We can use a similar approach to last time, but this time we may have to use frequency analysis (as suggested by the last flag!) and even bi- and trigram analysis. This means finding common letters, or common groupings of 2/3 letters, and comparing it to what would typically occur in a regular english text.
However, first off, there is very clearly a flag at the end:
qcuhUIE{K6F4G_4K41R515_15_73A10B5_702E03EU}
And we can use the same initial approach as and update the alphabet accordingly.
so there is a word P*TITIO*. According to a , that's either petition or petitios.
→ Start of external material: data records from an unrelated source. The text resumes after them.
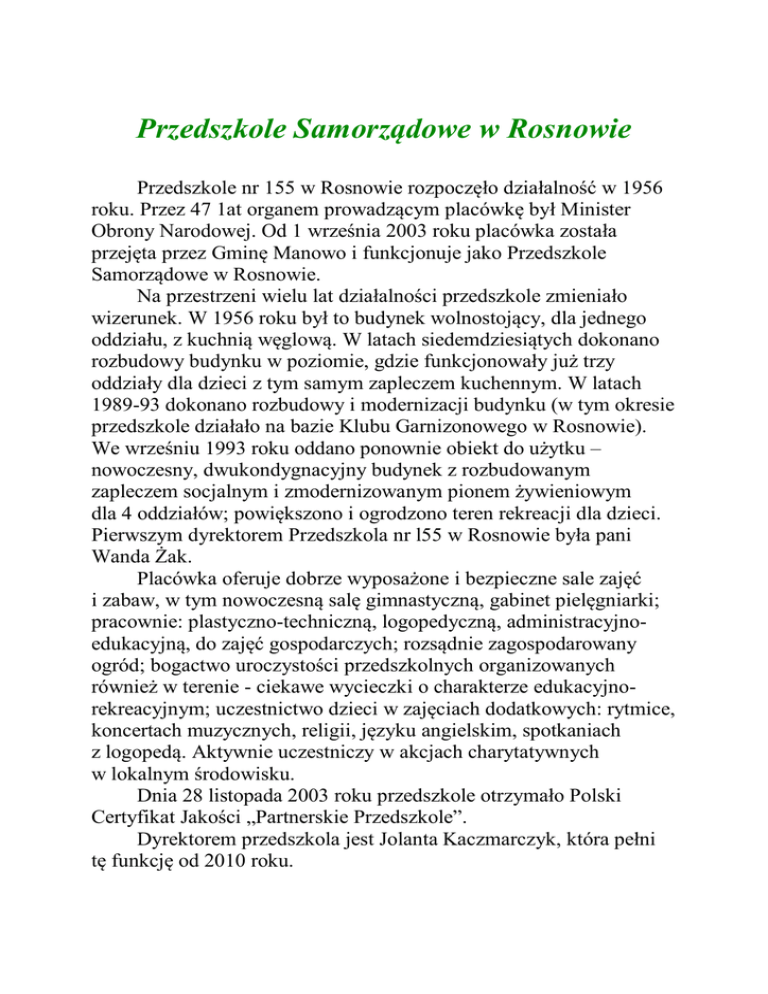 Przedszkole Samorządowe w Rosnowie Przedszkole nr 155 w Rosnowie rozpoczęło działalność w 1956 roku. Przez 47 1at organem prowadzącym placówkę był Minister Obrony Narodowej. Od 1 września 2003 roku placówka została przejęta przez Gminę Manowo i funkcjonuje jako Przedszkole Samorządowe w Rosnowie. Na przestrzeni wielu lat działalności przedszkole zmieniało wizerunek. W 1956 roku był to budynek wolnostojący, dla jednego oddziału, z kuchnią węglową. W latach siedemdziesiątych dokonano rozbudowy budynku w poziomie, gdzie funkcjonowały już trzy oddziały dla dzieci z tym samym zapleczem kuchennym. W latach 1989-93 dokonano rozbudowy i modernizacji budynku (w tym okresie przedszkole działało na bazie Klubu Garnizonowego w Rosnowie). We wrześniu 1993 roku oddano ponownie obiekt do użytku – nowoczesny, dwukondygnacyjny budynek z rozbudowanym zapleczem socjalnym i zmodernizowanym pionem żywieniowym dla 4 oddziałów; powiększono i ogrodzono teren rekreacji dla dzieci. Pierwszym dyrektorem Przedszkola nr l55 w Rosnowie była pani Wanda Żak. Placówka oferuje dobrze wyposażone i bezpieczne sale zajęć i zabaw, w tym nowoczesną salę gimnastyczną, gabinet pielęgniarki; pracownie: plastyczno-techniczną, logopedyczną, administracyjnoedukacyjną, do zajęć gospodarczych; rozsądnie zagospodarowany ogród; bogactwo uroczystości przedszkolnych organizowanych również w terenie - ciekawe wycieczki o charakterze edukacyjnorekreacyjnym; uczestnictwo dzieci w zajęciach dodatkowych: rytmice, koncertach muzycznych, religii, języku angielskim, spotkaniach z logopedą. Aktywnie uczestniczy w akcjach charytatywnych w lokalnym środowisku. Dnia 28 listopada 2003 roku przedszkole otrzymało Polski Certyfikat Jakości „Partnerskie Przedszkole”. Dyrektorem przedszkola jest Jolanta Kaczmarczyk, która pełni tę funkcję od 2010 roku.
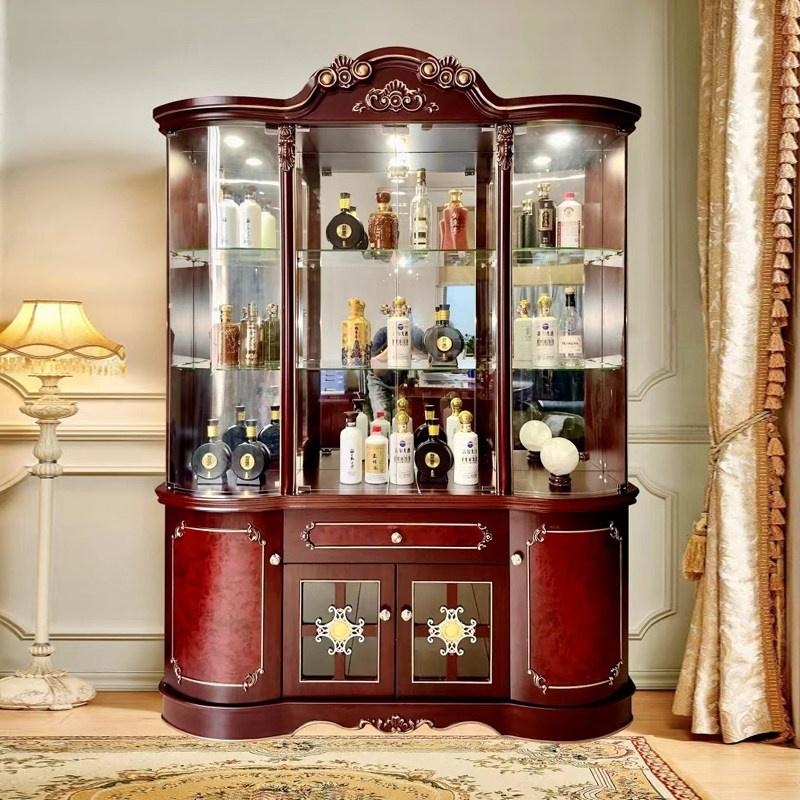 Custom European Wine Cabinet – Solid Wood Glass Display Storage Wall –
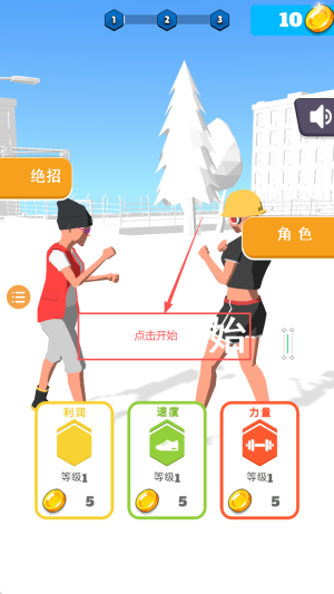 4、完成关卡挑战解锁更多格斗招式与角色,打磨格斗技巧优化连招组合,逐步成长为顶尖格斗胜利者。
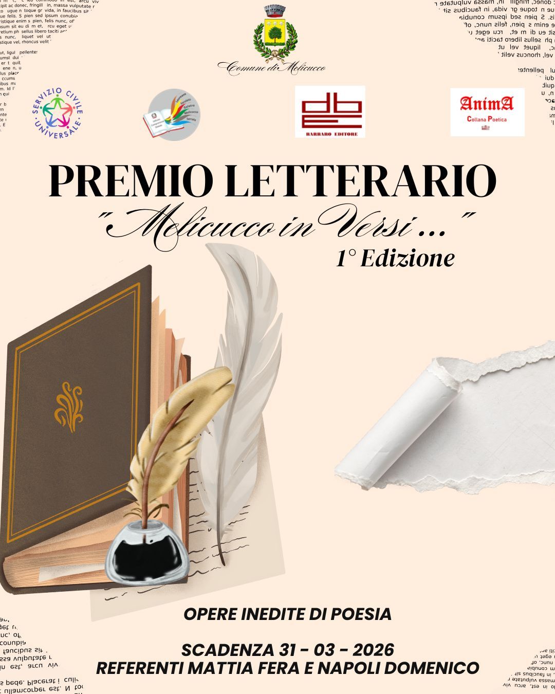 L’Amministrazione comunale e i Volontari del Servizio Civile, con la collaborazione del poeta 𝗗𝗼𝗺𝗲𝗻𝗶𝗰𝗼 𝗡𝗮𝗽𝗼𝗹𝗶, hanno promosso il concorso letterario denominato “𝗠𝗲𝗹𝗶𝗰𝘂𝗰𝗰𝗼 𝗶𝗻𝘃𝗲𝗿𝘀𝗶…”, aperto alla partecipazione di 𝗮𝘂𝘁𝗼𝗿𝗶 𝗱𝗶 𝗼𝗴𝗻𝗶 𝗻𝗮𝘇𝗶𝗼𝗻𝗮𝗹𝗶𝘁à e agli 𝘀𝘁𝘂𝗱𝗲𝗻𝘁𝗶 𝗱𝗶 𝗼𝗴𝗻𝗶 𝗼𝗿𝗱𝗶𝗻𝗲 𝗲 𝗴𝗿𝗮𝗱𝗼 frequentanti gli istituti scolastici del Comune di Melicucco.
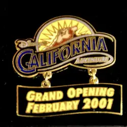 Disney California Adventure “Grand Opening, February 2001” Dangle is a pin from the Disneyland Resort Dangles pin series. It was available from Disneyland Resort .
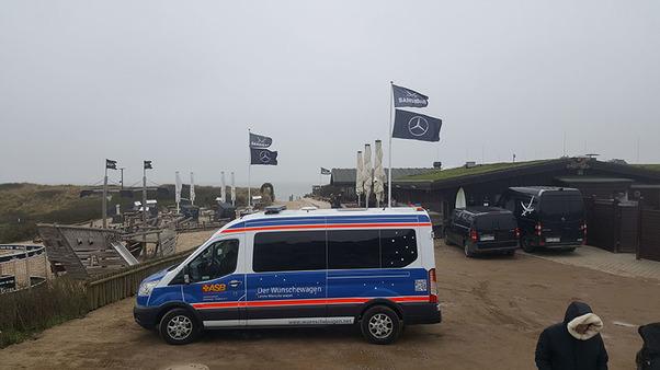 Danach stand die Sansibar auf dem Programm. Mit dem Wünschewagen durfte direkt vor der Tür geparkt werden. Die gesamte Gruppe speiste ausgiebig und lecker - und wurde zur Krönung von der Sansibar eingeladen!
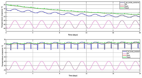 Due to relatively low ambient temperature, it is not necessary to apply cooling strategies if there is no insulation material applied. As mentioned in the normal summer scenario, it is better to isolate inverters from other parts of the container for efficient summer operation. Thus, exploring temperature response of important components inside the container when the insulation material as well as the cooling strategy are applied, and inverters are isolated from the inner environment of the container becomes very crucial. Based on these conditions, Figure 9 shows that when tank temperature reaches more than 35 °C, the tank temperature minus air temperature inside the container is greater than 2 °C and air temperature is greater than ambient temperature, fans will be switched on, while fans will be closed once the tank temperature drops below 25 °C or other situations. Furthermore, in this case, the temperature of the tanks will be between 25 °C and 35 °C after it reaches 35 °C for the first time and the average temperature of tanks will be eventually maintained at approximately 30 °C. Therefore, temperature of tanks and stacks can be well controlled to be within the safe operation range by using this cooling strategy for this normal winter case.
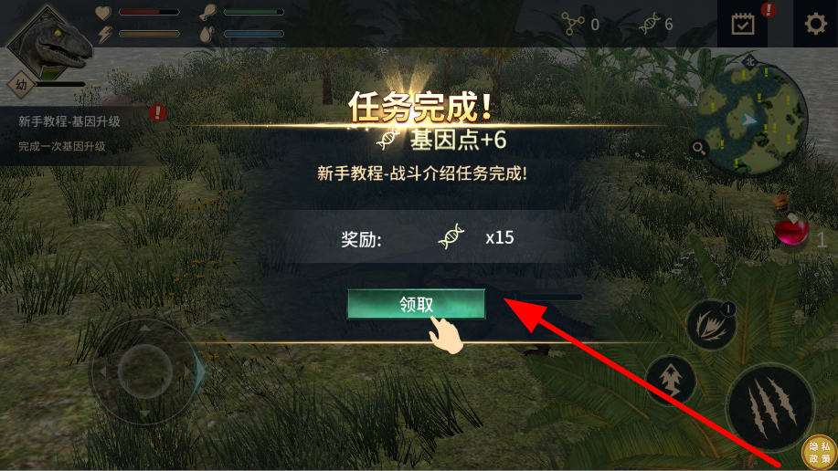 2、成功完成擊殺等任務(wù)后,會(huì)彈出任務(wù)完成界面,點(diǎn)擊領(lǐng)取按鈕,獲取基因點(diǎn)等獎(jiǎng)勵(lì),這些獎(jiǎng)勵(lì)可用于后續(xù)恐龍的強(qiáng)化與進(jìn)化。
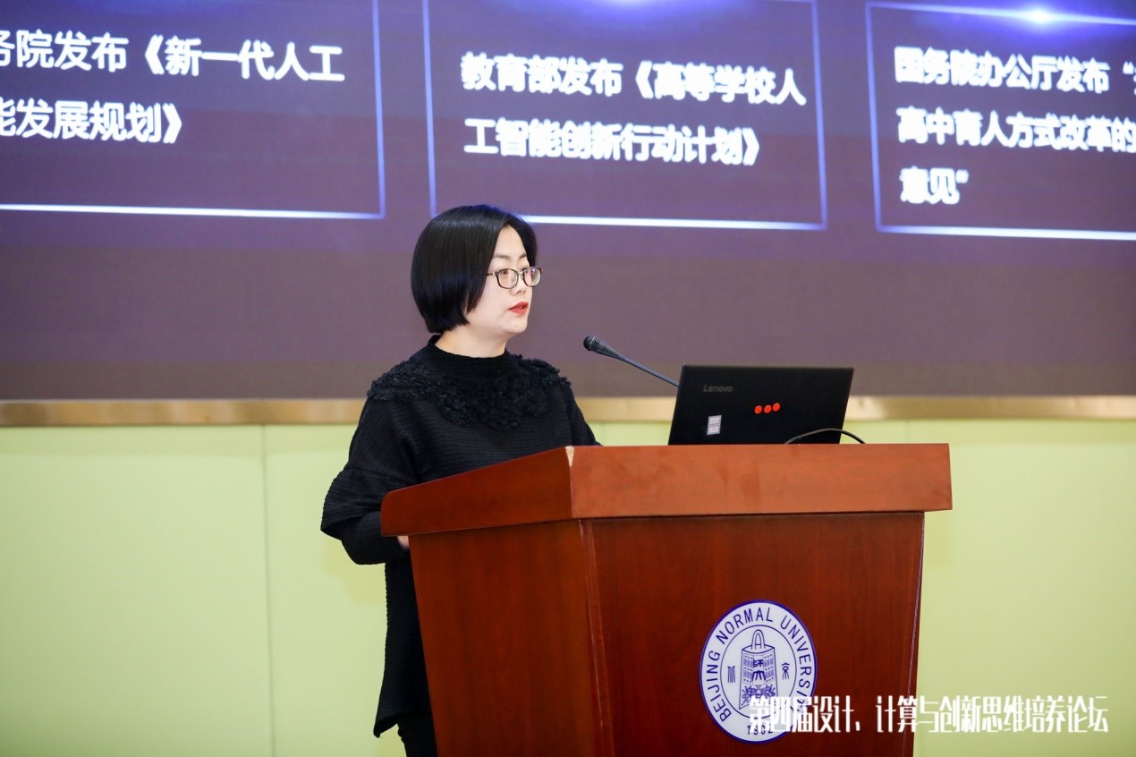 在主题报告环节,北京邮电大学计算机学院副教授王晓茹带来题为“计算思维的培养和训练”的报告,详细介绍了计算思维的进化历程、AI赋能新型教育格局、传统的认知方式的改变,指出计算思维需要依赖个人和学校的双渠道培养,并在实践中不断提高解决问题的能力。
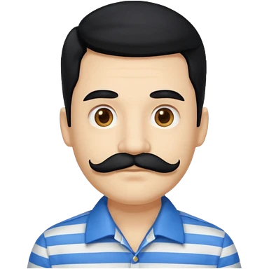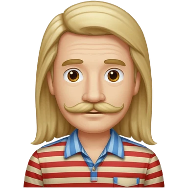 Soft male caucasian Trader Joe's employee with tropical shirt and hipster handlebar-type moustache and brown hair. 34 years old. emoji | AI Emoji Generator
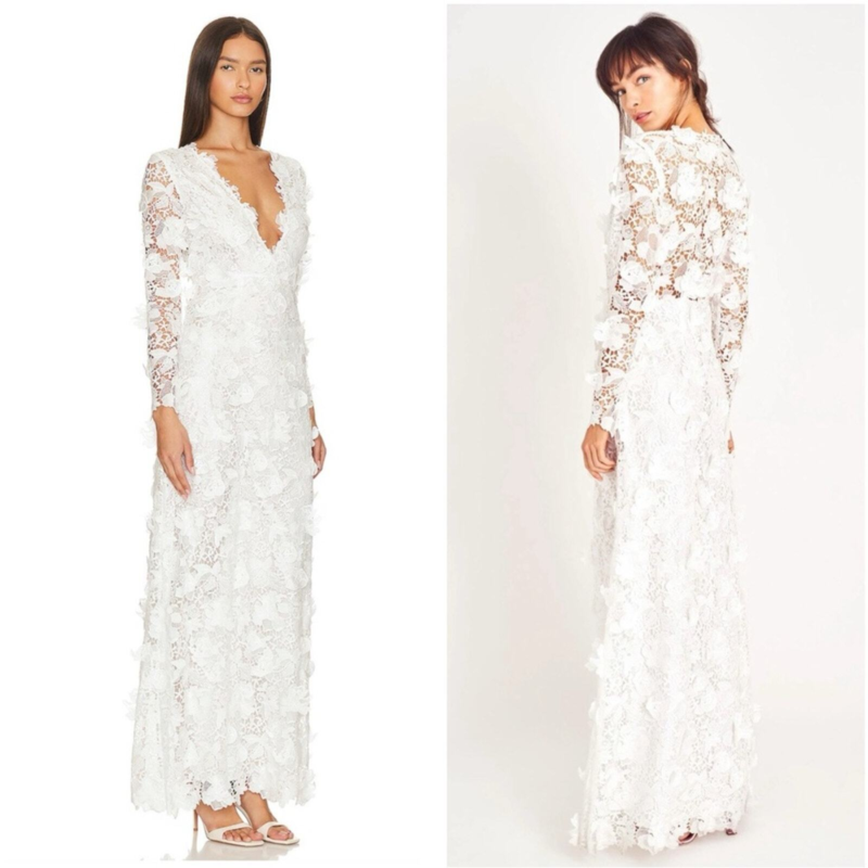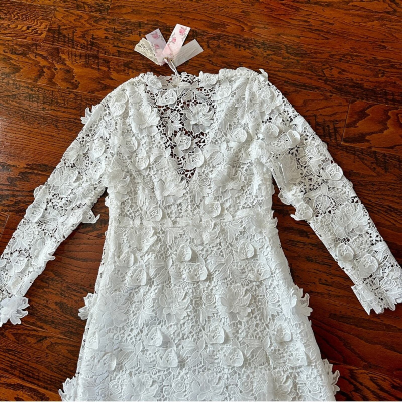 LoveShackFancy Bridal Sylvester Lace Guipure Plunge V Wedding Gown Size 14 NWT

But ahead of it, there's even more:
COgPnTITIOk
This looks like COMPETITION! Let's throw that in.
After spotting lots more words like cybersecurity etc, I get the alphabet:
alphabet = 'mjuanedsc-oxgkhqvftibzwpr-'
And we use the decrypt again:
from string import ascii_uppercase, ascii_lowercase
alphabet = 'mjuanedsc-oxgkhqvftibzwpr-'
text = 'isnfnnpctitnznfmxhisnfwnxxntimjxctsnascdstushhxuhgqbinftnubfciruhgqnicichktckuxbackdurjnfqmifchimkabturjnfusmxxnkdnisntnuhgqnicichktehubtqfcgmfcxrhktrtingtmagckctifmichkebkamgnkimxtwscusmfnznfrbtnebxmkagmfonimjxntocxxtshwnznfwnjnxcnznisnqfhqnfqbfqhtnhemscdstushhxuhgqbinftnubfciruhgqnicichkctkhihkxrihinmuszmxbmjxntocxxtjbimxthihdnitibankitckinfntinackmkanpucinamjhbiuhgqbinftucnkunanenktcznuhgqnicichktmfnheinkxmjhfchbtmeemcftmkauhgnahwkihfbkkckdusnuoxctitmkanpnubickduhkecdtufcqitheenktnhkisnhisnfsmkactsnmzcxrehubtnahknpqxhfmichkmkacgqfhzctmichkmkaheinksmtnxngnkitheqxmrwnjnxcnznmuhgqnicichkihbusckdhkisnheenktcznnxngnkitheuhgqbinftnubfcirctisnfnehfnmjniinfznscuxnehfinusnzmkdnxctgihtibankitckmgnfcumkscdstushhxtebfisnfwnjnxcnznismimkbkanftimkackdheheenktczninuskcvbntctnttnkicmxehfghbkickdmkneenuicznanenktnmkaismiisnihhxtmkauhkecdbfmichkehubtnkuhbkinfnackanenktcznuhgqnicichktahntkhixnmatibankitihokhwisncfnkngrmtneenuicznxrmtinmusckdisngihmuicznxrisckoxconmkmiimuonfqcuhuiectmkheenktcznxrhfcnkinascdstushhxuhgqbinftnubfciruhgqnicichkismitnnotihdnknfminckinfntickuhgqbinftucnkunmghkdscdstushhxnftinmusckdisngnkhbdsmjhbiuhgqbinftnubfcirihqcvbnisncfubfchtcirghiczmickdisngihnpqxhfnhkisncfhwkmkankmjxckdisngihjniinfanenkaisncfgmusckntisnexmdctqcuhUIE{K6F4G_4K41R515_15_73A10B5_702E03EU}'.lower()
dec = ''
for c in text:
if c in ascii_uppercase:
dec += ascii_uppercase[alphabet.index(c.lower())]
elif c in ascii_lowercase:
dec += ascii_lowercase[alphabet.index(c)]
else:
dec += c
print(dec)
# picoctf{n6r4m_4n41y515_15_73d10u5_702f03fc}
As we can see from the flag (and also the hint), analysis was the way to go.